The Shadow gained the stairway, a soft laugh rippling from his hidden lips. His form vanished in the darkness. The echoes seemed to continue as the weird intruder continued his downward course.
The elevator that had brought Joe Cardona and the house detective was moving downward to give the alarm in the lobby. The operator had hesitated behind his metal doors, wondering if he should wait until the detective returned. That was a point that served The Shadow.
A second elevator was coming down from the twenty-fourth floor. Its operator knew nothing of the excitement on the eighteenth. Seeing a stop signal for the sixteenth story, he halted his car and opened the doors.
A tall passenger entered. The operator noted a keen, hawklike visage. He glimpsed a briefcase that the entrant was carrying. In methodical fashion, the elevator man closed the doors. He let the car descend. There were no more stop signals. The car reached the lobby ahead of the one that was bringing the alarm.
Calmly, the passenger with the briefcase strolled out through the lobby. He reached the sidewalk just as the other elevator came to the bottom of the shaft. The alarm had arrived; it was too late to trap the being who had caused it. The tall personage who had left the Hotel Salamanca was The Shadow.
CHAOS had come again to the Hotel Salamanca. In the furore which followed the operator’s report, one man alone maintained a steady composure. That was Detective Joe Cardona. Although faced with what appeared to be a third murder mystery, the ace sleuth was calm.

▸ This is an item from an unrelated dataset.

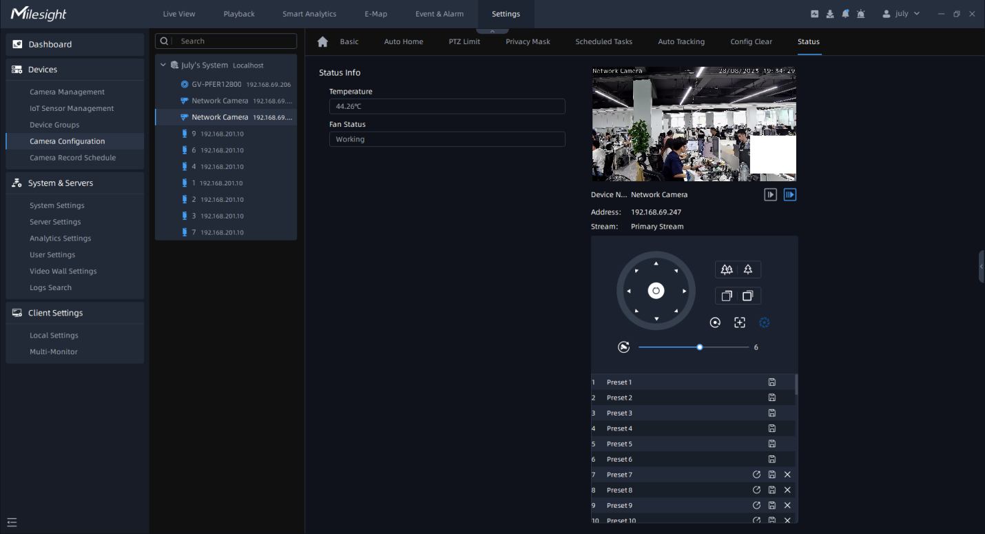 Here you can know the status of the PTZ, including temperature, heater status and fan status.

He had summoned police. He had reported to headquarters. He had gained incoherent statements from both Rupert and the house detective. But amid it all, Cardona had seized upon a potential clue. He had found the folded papers upon Langwood Devine’s desk.
Joe Cardona was an unusual detective. He had a keen ability for gaining hunches; a remarkable aptitude for silence when it was needed. Instinctively, Joe had decided that those coded messages might hold the key to the death of Professor Langwood Devine.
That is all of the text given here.